Showing posts with label Noah Lomax. Show all posts
Showing posts with label Noah Lomax. Show all posts

Friday, February 15, 2013

Safe Haven: A truly delightful surprise

Safe Haven (2013) • View trailer 
3.5 stars. Rating: PG-13, for dramatic intensity and mild sensuality
By Derrick Bang



Films made from Nicholas Sparks novels tend to follow a predictable — and quite irritating — pattern.

Could anything be more cute and cuddly? Having finally learn to trust the joy of getting
to know new people, Katie (Julianne Hough, center left) finds herself falling in love with
Alex (Josh Duhamel) and his two children, Josh (Noah Lomax) and Lexie (Mimi Kirkland).
Alas, Katie's past threatens to catch up with her, a development that could mean ... ah,
but you'll have to discover that for yourself.
We meet two or more engaging characters in the first act, often but not always young people, at least one of whom carries a Heavy Burden. A relationship develops in the second act, often built on a foundation of Valentine’s Day-perfect dialogue that overcomes initial shyness or mutual wariness. Written correspondence often (always?) plays a key role.

We get to know and like this couple, and feel they deserve happiness. Then whoosh, fresh tragedy strikes — sometimes unbelievably contrived (remember what happens to Richard Gere, at the end of Nights in Rodanthe?) — that leads to a bleak and shattering epilogue. But that’s okay, y’know, because those left behind are grateful for the experience, having grown into better human beings.

Lather, rinse and repeat.

Message in a Bottle was the first Sparks novel to hit the big screen, back in 1999; true to form, it concludes on a grim note. Things improved with The Notebook, due both to that novel’s structure and the 2004 film’s sensational cast. But since then, we’ve slogged through a series of soggy, manipulative and increasingly unsatisfying tear-jerkers, often selected as vehicles for up-and-coming young stars: Dear John (Channing Tatum and Amanda Seyfried), The Last Song (Miley Cyrus and Liam Hemsworth) and The Lucky One (Zac Efron and Taylor Schilling).

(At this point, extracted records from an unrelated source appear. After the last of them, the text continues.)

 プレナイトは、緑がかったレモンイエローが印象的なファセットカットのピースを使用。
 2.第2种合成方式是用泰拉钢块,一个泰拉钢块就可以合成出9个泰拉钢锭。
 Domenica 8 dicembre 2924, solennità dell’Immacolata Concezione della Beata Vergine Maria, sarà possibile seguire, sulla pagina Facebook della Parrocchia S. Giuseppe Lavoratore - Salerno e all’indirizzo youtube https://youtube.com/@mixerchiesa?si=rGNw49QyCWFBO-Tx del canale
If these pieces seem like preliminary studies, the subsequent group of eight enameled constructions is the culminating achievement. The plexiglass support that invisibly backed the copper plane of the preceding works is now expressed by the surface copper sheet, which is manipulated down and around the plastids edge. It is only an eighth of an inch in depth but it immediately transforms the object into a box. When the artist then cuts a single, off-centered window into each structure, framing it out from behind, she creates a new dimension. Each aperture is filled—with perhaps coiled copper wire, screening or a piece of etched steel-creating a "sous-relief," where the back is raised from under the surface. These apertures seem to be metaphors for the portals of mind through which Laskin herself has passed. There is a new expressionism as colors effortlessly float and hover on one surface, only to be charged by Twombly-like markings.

Great stuff for folks who enjoy having their emotions yanked about, I suppose, but far too much been there, endured that for the rest of us.

No surprise, then, that I greeted the impending arrival of Safe Haven with very little enthusiasm.

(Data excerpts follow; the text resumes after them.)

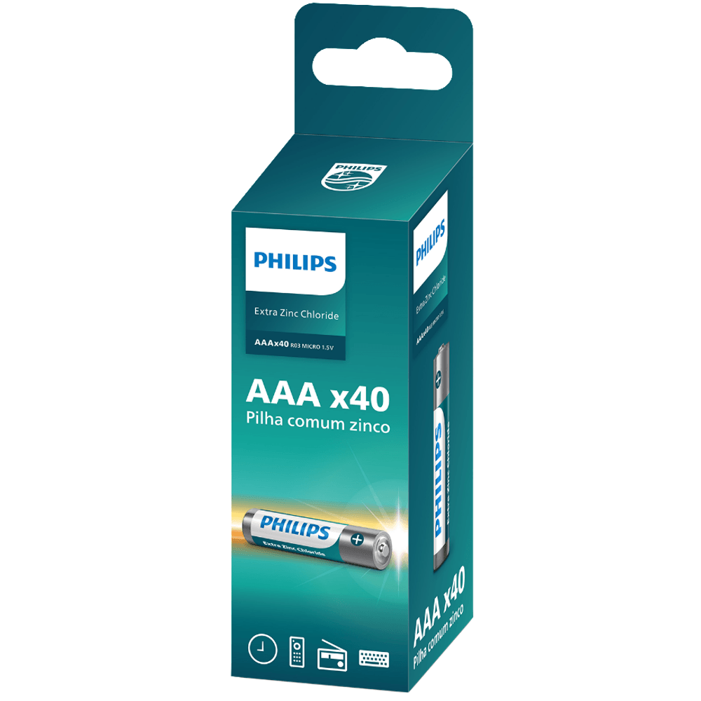 Pilha Philips Zinco AAA 1,5V, Pack com 40 Unidades - R03L40TF/59
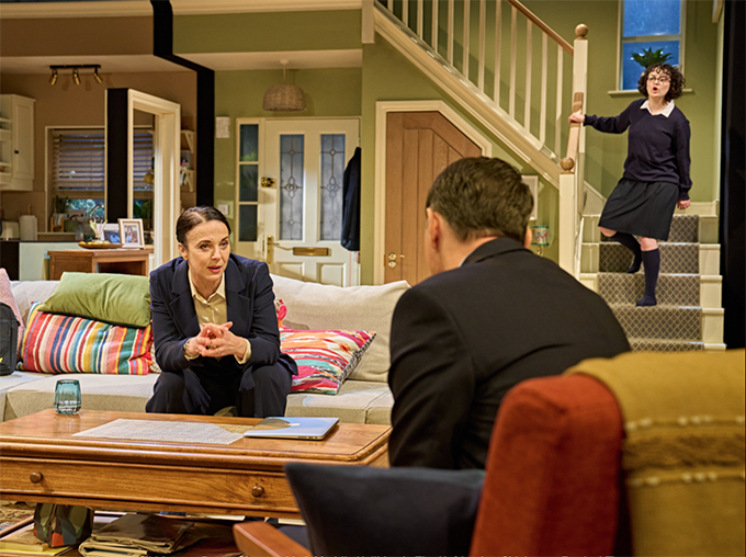 Promisingly, it has the same design and lighting team as Murder On The Orient Express – Rob Jones and Mark Henderson. It has the great Michael Simkins as the neighbour. The set is superb. You can see the outside of the modern estate house next to the top of the stairs, and lights go on and off in the upstairs rooms.
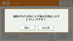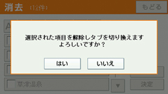 消去する地点を選択した状態で別のタブへ切替えた場合、次の画面が表示されます。 にタッチすると、選択した項目が解除されます。
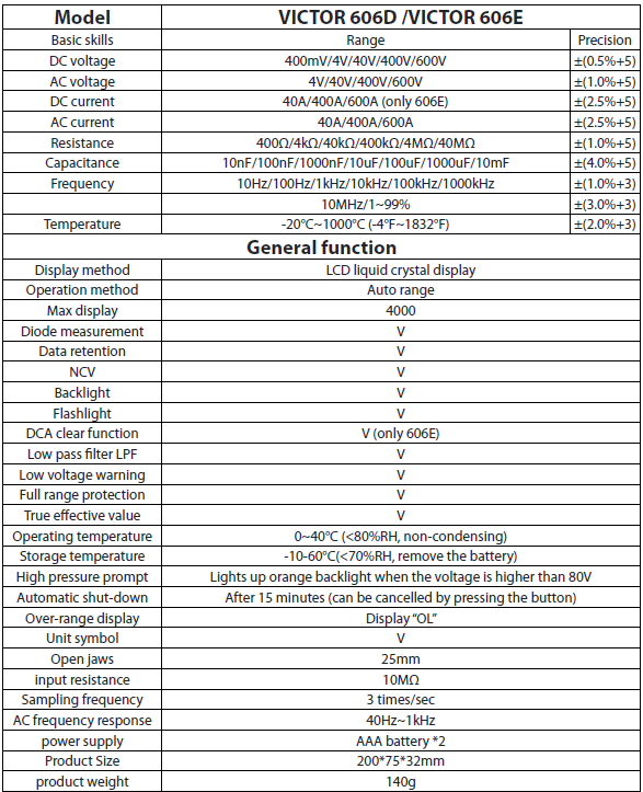 This test meter is a handheld automatic range digital clamp meter which driven by battery. The clamp multimeter can be used to measure such parameters as DCV, ACV, ACA, Resistance, Continuity Buzzer, Diode, Frequency, Temperature, etc. This LCD Digital AC/DC clamp multimeter is a portable and professional clamp meter which has almost everything you need for a full multimeter. Digital clamp meter is widely used for field, laboratory, shop and home applications
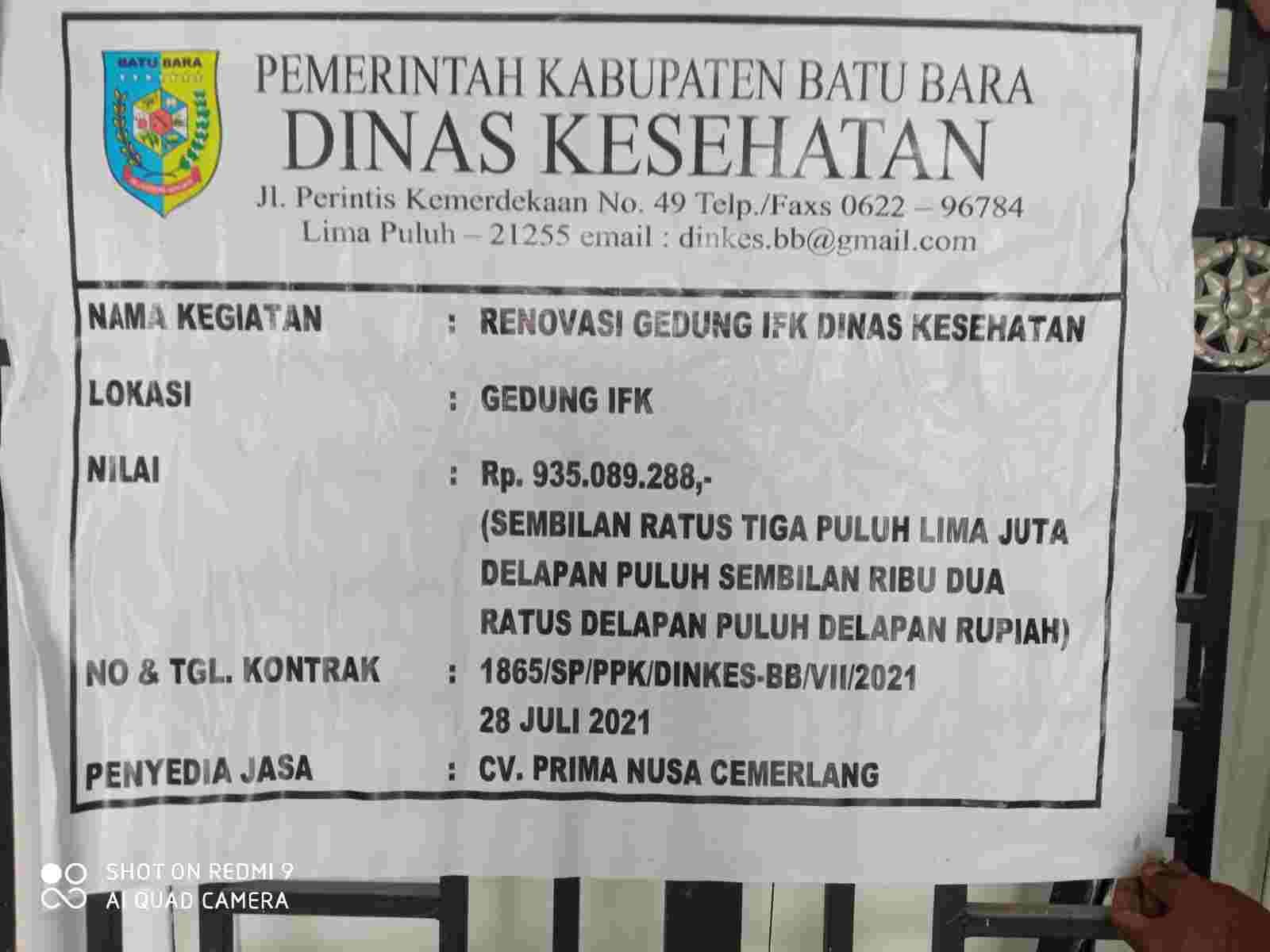 Meski pandemi Covid-19 masih belum berakhir namun Pemerintahan Kabupaten (Pemkab) Batu Bara melalui Anggaran Pendapatan Belanja Daerah (APBD) Tahun 2021, telah mengucurkan biaya Rp. 935.089.288 untuk renovasi Gedung Farmasi Dinkes Batu Bara.

Which simply goes to show the folly of assumptions. The thoroughly enjoyable Safe Haven is by no means typical of Sparks’ overworked formula; indeed, if I hadn’t known of his involvement going in, I’d have assumed that some other writer had concocted the tale. (Until the epilogue, anyway, at which point we smile, nod and say Ah, yes, there’s the Nicholas Sparks touch. But that’s okay in this case.)